Before metal, Zane wanted to be a director. He spent his early years filming skate clips, making short videos, and learning how to edit and tell a story. That creative instinct never really went away. It just followed him into manufacturing, where content, distribution, and taste became part of how he thinks about building companies and getting people excited about hard tech.
Zane’s dad owned a machine shop, so his first jobs were not glamorous. He started by scrubbing floors, then worked his way into machine operation, delivery trucks, cranes, forklifts, and all the random tasks that come with a small shop. At the time it just felt like work. Looking back, it gave him a front row seat to how real manufacturing businesses run, and how much opportunity exists when you understand the basics.

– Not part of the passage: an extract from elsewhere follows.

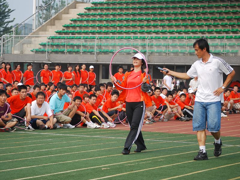 很多老師都是同學們所熟悉的。平時,他們和同學一起打球、一起流汗、一起歡笑。訓練中,他們也和大家一起流汗,不同的是為了圓滿完成國慶任務,他們更加嚴肅、不茍言笑。從動作到口號、從細節到整體,任何一個不規范的地方他們都不放過。為了保證隊伍做到橫、豎、斜“三條線”,“稍息立正、前后對正、左右看齊”成了他們的口頭語;“雙手食指貼緊褲線,拇指放在食指第二關節”是他們每天重復次數最高的話。他們一遍又一遍不厭其煩的提醒著同學們,只愿在最短訓練內取得最佳效果。

Zane studied economics, partly because it felt broad and flexible, but says knowing what he knows now, he would probably have chosen computer science. After college he briefly joined Uber, where he learned how much energy he could bring to a fast growing company, but quickly realized he wanted more ownership and impact. That pushed him into his first startup, a software company focused on simplifying ad buying for physical advertising spaces like billboards and stadiums. The business found customers, but eventually Zane sold his stake and moved on.
The shift back into manufacturing happened when he started spending time in a factory again and realized how much he missed the physical world of making things. Books, conversations, and broader trends around industrial decline pushed him to think bigger about American manufacturing. Instead of building more software disconnected from physical products, he wanted to work on a problem that mattered to real factories and real supply chains.

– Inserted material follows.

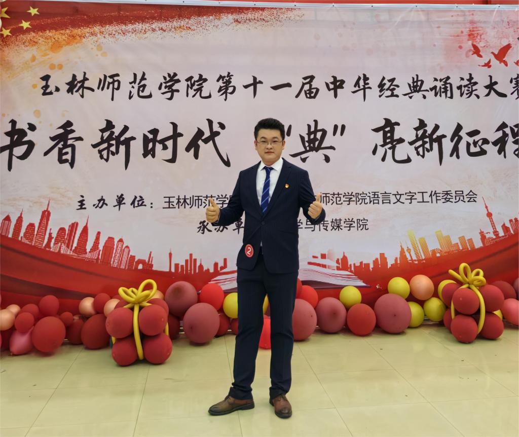 在玉林师院这片沃土上,周向阳老师心怀感恩,从不计较个人得失。虽然平时的工作很忙,但凭着对教育事业的热爱,用心浇灌,用爱付出的精神。周向阳老师积极参加各项技能比赛,荣获广西区第九届中华经典诵读大赛大学教师组一等奖;太阳成集团tyc122cc入口第八届、第九届、第十届、第十一届中华经典诵读大赛一等奖;太阳成集团tyc122cc入口“园丁杯”板书大赛特等奖;太阳成集团tyc122cc入口红色故事大赛二等奖;全国青少年书画大赛优秀辅导教师;太阳成集团tyc122cc入口“优秀共产党员”、太阳成集团tyc122cc入口“优秀班主任”等诸多荣誉称号。

That led Zane to Delta 70, a custom rack manufacturer, where he became deeply involved in day to day operations. He spent a year in the business, learning the rhythms of a shop, helping lead a team, and seeing firsthand where cost, lead time, and material sourcing created pain. The more he looked at the numbers, the more one problem kept standing out: getting metal was still too slow, too manual, and too painful.

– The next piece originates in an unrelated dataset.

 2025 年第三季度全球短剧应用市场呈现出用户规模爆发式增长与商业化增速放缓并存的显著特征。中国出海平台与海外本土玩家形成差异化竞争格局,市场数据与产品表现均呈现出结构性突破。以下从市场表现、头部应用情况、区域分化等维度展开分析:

Nox started with a simple question. Why is buying metal still this hard? Zane saw that service centers were critical to manufacturing, but still operated with huge amounts of friction. Quotes took too long, decisions were too manual, and customers often had to wait days just to get an answer. His idea was to build a modern metal service center where software handles the complexity and customers get what they need faster and more easily.
Zane describes Nox as a metal service center, but the real differentiator is software. The company is designed to quote quickly, estimate jobs intelligently, optimize material usage, and eventually predict customer demand before customers even place the order. Instead of treating software like an add on, Nox is being built around the idea that code should solve every painful operational problem possible, from quoting to nesting to inventory decisions.
As Zane started talking publicly about the problem, his posts caught the attention of Y Combinator. That turned into a fast moving process, an acceptance, and a near immediate flight to San Francisco. He joined the batch while Nox was still taking shape, and used that momentum to sharpen the vision, raise support, and push the company forward while still handling the realities of setting up a physical operation.
In the early days, the Nox team handled everything. They sold during the day, worked on software, managed operations, then put on shop gear in the evening and cut metal themselves. That blend of startup urgency and factory discipline shaped the culture early. The business was not built from a spreadsheet alone. It was built by actually moving material, running the saw, and staying close to the work.
At its core, Nox is about making raw material easier to access for American manufacturers, especially the companies too small to get white glove treatment from traditional service centers but too important to keep waiting around for quotes and lead times. Zane believes one of the biggest gaps in reindustrialization is not flashy robotics or futuristic slogans, but simply making the basics more available, more efficient, and more responsive.
Zane Hengsperger joins Jim to share how a mix of early shop exposure, time in tech, and a growing focus on industrial capacity led him to start Nox Metals. The conversation follows his path from software back into manufacturing, where he saw firsthand how slow and painful sourcing metal still is. They break down how Nox is building a modern service center powered by software, what it took to get the operation off the ground, and why solving simple, foundational problems can have an outsized impact on the future of manufacturing.